# My piebald delta!



## TruongLN (Jul 13, 2012)

Never seen a piebald betta before but now I own one!
He was pure white with a few blue streaks in his caudal fin, 
and he marbled up completely to his head! 
I've also never seen ventrals so long on a betta.


----------



## jmday (Sep 12, 2013)

Oooh pretty  Very handsome indeed! What is his name?


----------



## AAquarist (Dec 3, 2013)

Gorgeous!! :d


----------



## jesssan2442 (Feb 19, 2013)

So handsome! My PKEE has long ventrals like that which looks really weird because they're about double the length of his bottom fin (completely blanked on the right term) 

What is his name!?!


----------



## TruongLN (Jul 13, 2012)

Thank you guys! His name is Henkō ヽ(;^o^ヽ)
My boyfriend calls him 'Hank'.


----------



## TruongLN (Jul 13, 2012)

jesssan2442 said:


> So handsome! My PKEE has long ventrals like that which looks really weird because they're about double the length of his bottom fin (completely blanked on the right term)
> 
> What is his name!?!


Anal fin?? Do you have any photos??


----------



## Sathori (Jul 7, 2013)

Love <3 He's such a handsome boy ^_^


----------



## TruongLN (Jul 13, 2012)

Sathori said:


> Love <3 He's such a handsome boy ^_^


I agree ^-^! He's so wonderful, always comes to the front of the tank when you're looking. He loves saying hi!


----------



## konstargirl (Mar 9, 2010)

So pretty! Whats PKEE


----------



## Sathori (Jul 7, 2013)

TruongLN said:


> I agree ^-^! He's so wonderful, always comes to the front of the tank when you're looking. He loves saying hi!
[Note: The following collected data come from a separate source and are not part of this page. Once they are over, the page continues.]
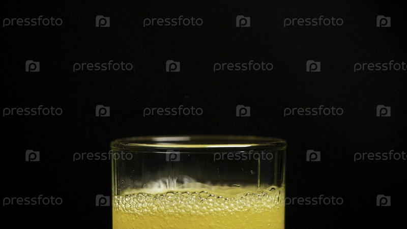 Сливка апельсинового напитка. замедленное движение. газированный оранжевый напиток заливается в стакан. налив соды из апельсинового сока в стакан в замедленном режиме, черный фон
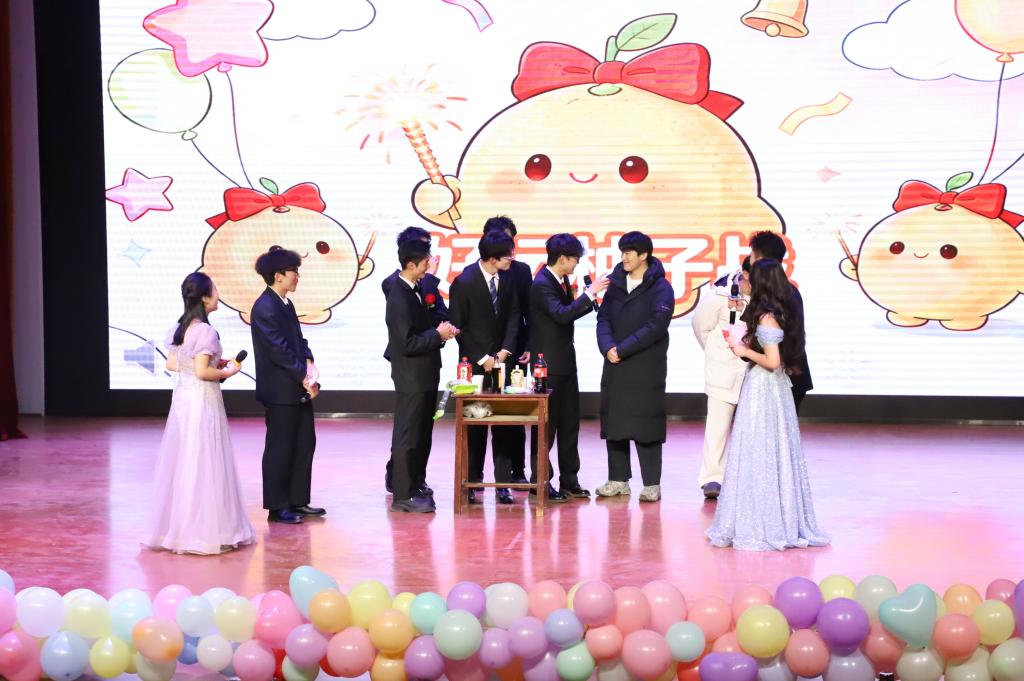 晚会尾声,赵子涵、刘淯铭、刘子宽带来合唱《你可以慢点走》,温柔的歌声缓缓响起,舒缓的旋律与治愈的歌词交织,让现场满是温情,三位演唱者用细腻声线将美好期许融入歌声。随后,同学们带着热忱登场,为这场视听盛宴再添温馨一笔,也让大家带着这份美好,奔赴新的一年。
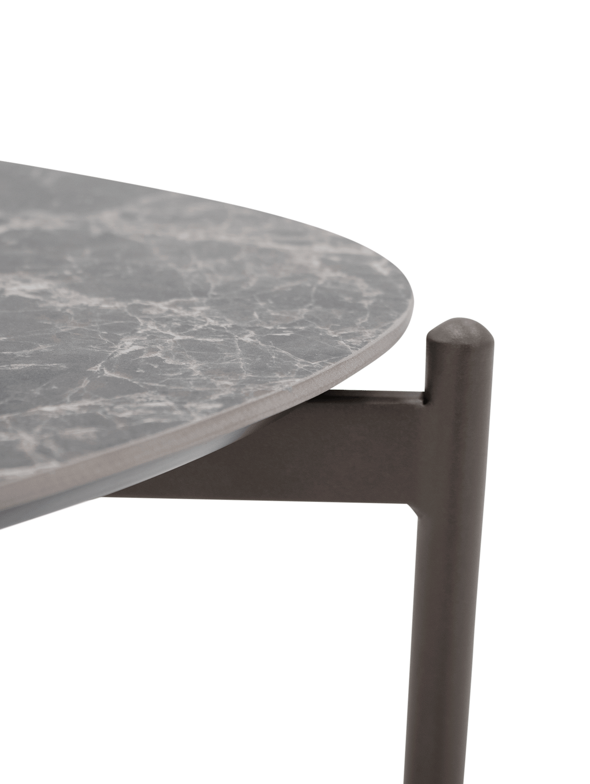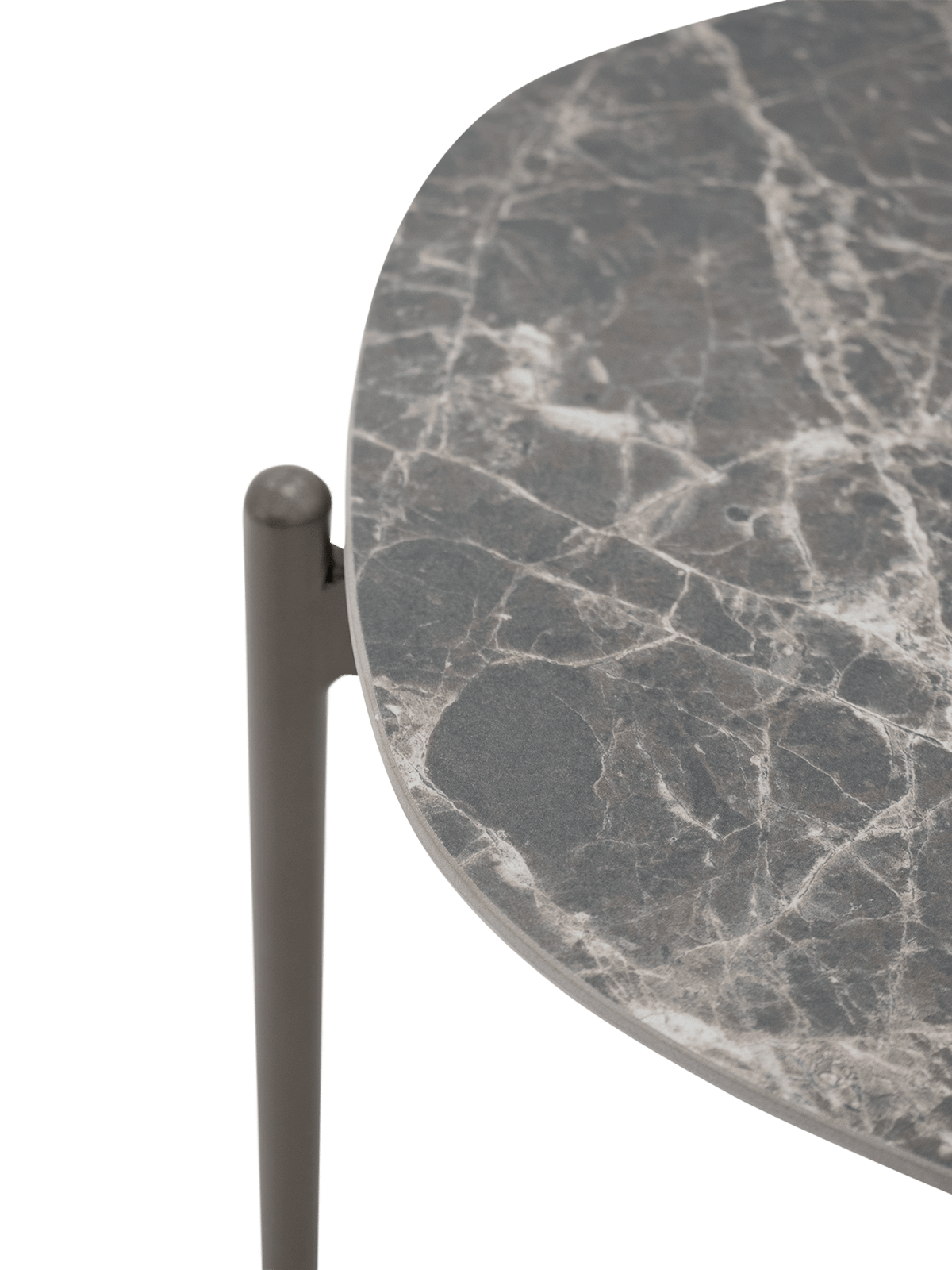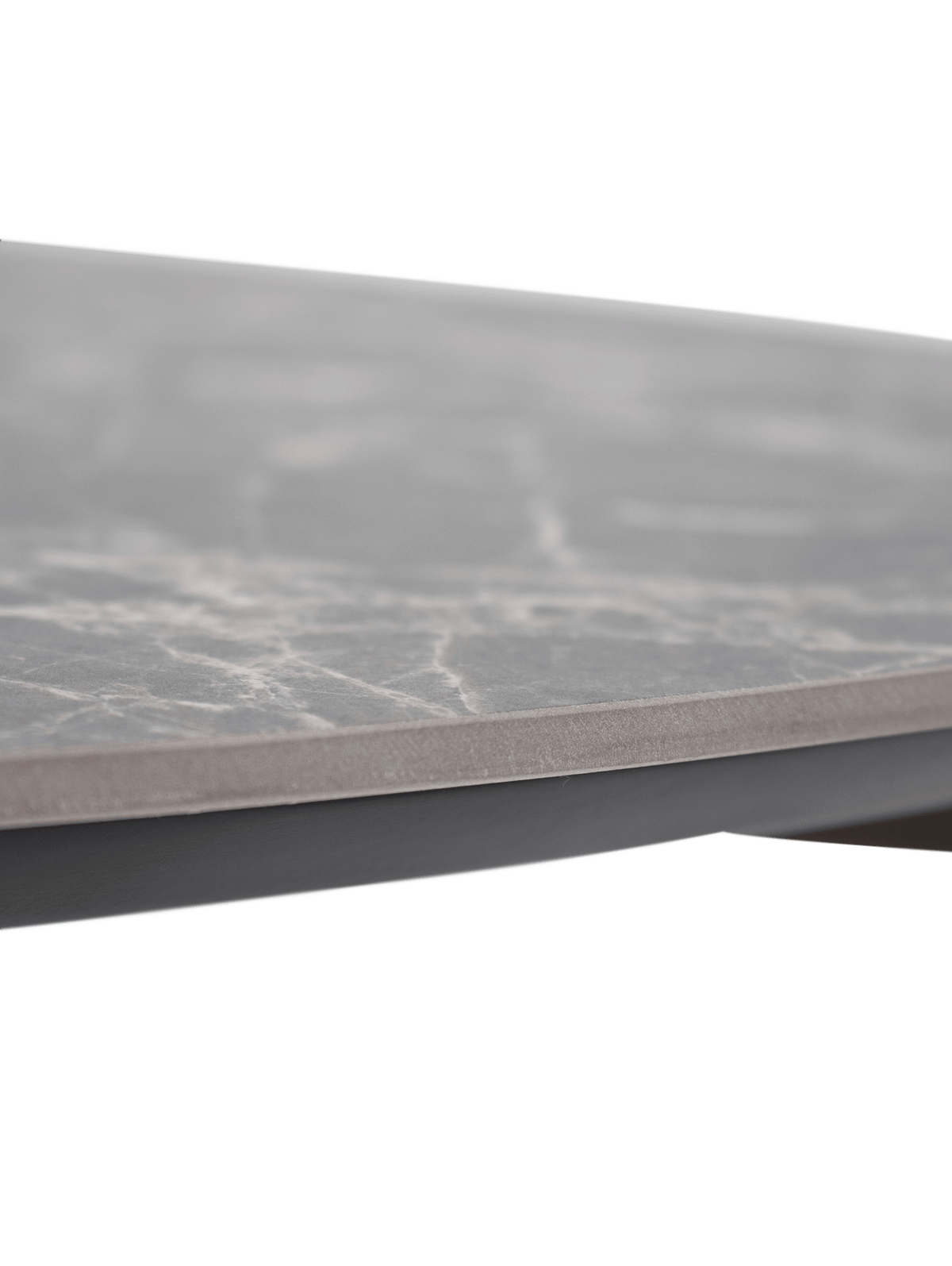 De bijzettafel Pesaro valt op door haar organisch afgeronde blad en elegante uitstraling. Het donkere keramische oppervlak weerspiegelt een subtiele marmerstructuur en brengt een vleugje verfijning in elke woonkamer. In combinatie met het strakke metalen onderstel vormt dit ontwerp een harmonieus geheel.

It's almost like he and Gray are twins  
Also, Natsu, my orange VT, has ventrals like that. They go past his butt when he swims x3 Coloration is very similar too - except his start off orange and go into the white/blue color near the end.


----------



## TruongLN (Jul 13, 2012)

konstargirl said:


> So pretty! Whats PKEE


A PKEE is a Plakat elephant ear.


----------



## TruongLN (Jul 13, 2012)

Sathori said:


> It's almost like he and Gray are twins
> Also, Natsu, my orange VT, has ventrals like that. They go past his butt when he swims x3 Coloration is very similar too - except his start off orange and go into the white/blue color near the end.


Gray and Henkō definitely do look related! Maybe they are? They're both from little fish and were both in Canada!

Any photos of Natsu?


----------



## lilnaugrim (Mar 27, 2013)

Actually, sorry to burst your bubble but he's not a Piebald but in fact a Monster which is a Betta with a white head. See how his head scales are white and you can see a bit of flesh color underneath? A Piebald needs to have his head be entirely flesh colored, not white. So in correct terms he is a Monster DeT ;-) he's quite beautiful though!


----------



## Sathori (Jul 7, 2013)

TruongLN said:


> Gray and Henkō definitely do look related! Maybe they are? They're both from little fish and were both in Canada!
> 
> Any photos of Natsu?


That would be pretty cool! Too bad there's no way of actually telling if they are.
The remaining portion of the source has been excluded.